CARAPANDANG.COM- Pengamat pertanian dari Asosiasi Ekonomi Politik Indonesia (AEPI) Khudori menyebutkan, pemerintah perlu membuat kebijakan baru terkait dengan penetapan harga minyak goreng rakyat atau MinyaKita.
Khudori menyampaikan kebijakan saat ini amat tidak menguntungkan produsen. Menurutnya, pengelola kebun sawit, produsen MinyaKita, pedagang, dan konsumen adalah satu mata rantai tak terputus.
"Ke depan, pemerintah perlu membuat kebijakan yang tidak mendistorsi harga," ujar Khudori kepada ANTARA di Jakarta, Senin.

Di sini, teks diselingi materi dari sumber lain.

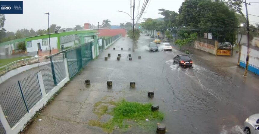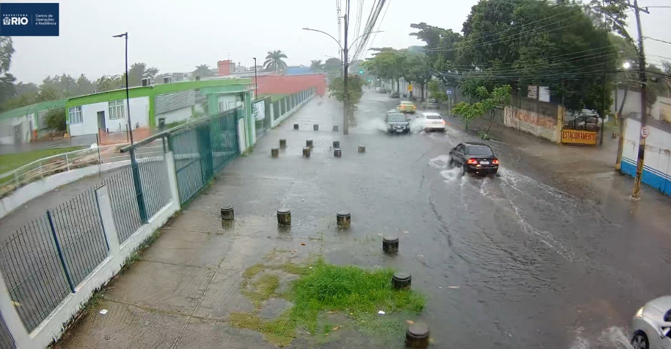 De acordo com o Centro de Operações Rio (COR), equipes monitoram as condições do tempo e possíveis impactos na cidade. Imagens divulgadas pelo órgão mostram chuva intensa na Avenida Ministro Ary Franco, em Bangu.
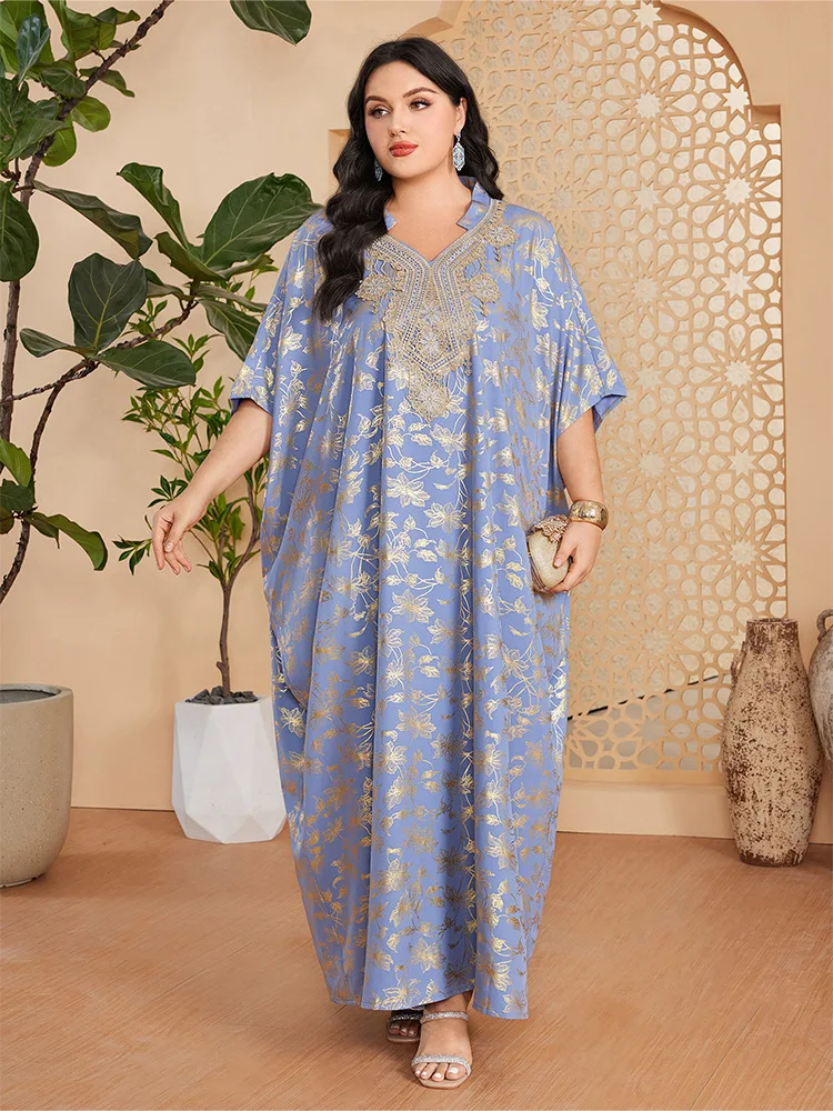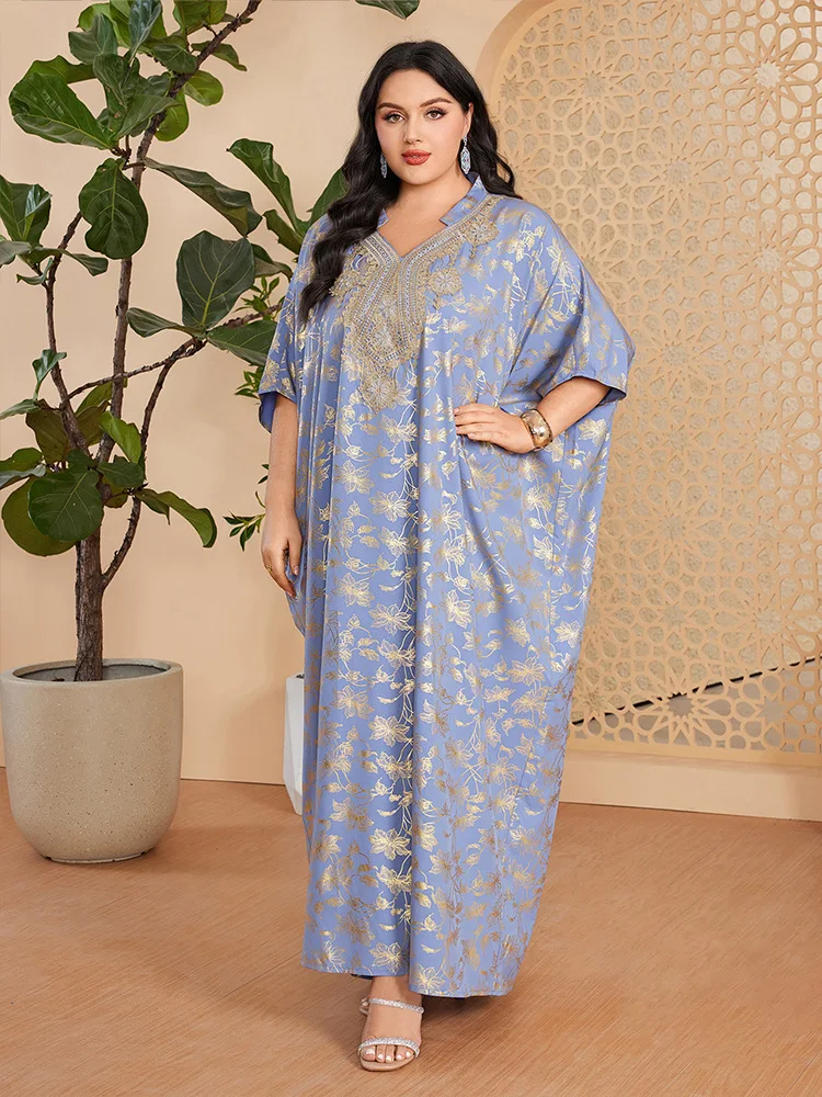 Dubai Embroidery Print Kaftan Women Muslim Maxi Dress Abaya

Ia menjelaskan biaya pokok produksi sudah jauh melampaui harga eceran tertinggi yang ditetapkan pemerintah sebesar Rp15.700. Harga bahan baku minyak goreng sawit, yakni crude palm oil (CPO), dalam negeri selama enam bulan terakhir tercatat sekitar Rp15.000-16.000 per kilogram.
Apabila angka konversi CPO ke minyak goreng 68,28 persen dan 1 liter setara 0,8 kilogram, diketahui untuk memproduksi MinyaKita seharga Rp15.700 per liter, maka harga CPO yang dibutuhkan kurang lebih Rp13.400 per kilogram.
"Ini baru menghitung bahan baku CPO. Belum memperhitungkan biaya mengolah, biaya distribusi, dan margin keuntungan usaha. Kalau ketiga komponen itu diperhitungkan, sudah barang tentu harga CPO harus lebih rendah lagi," katanya.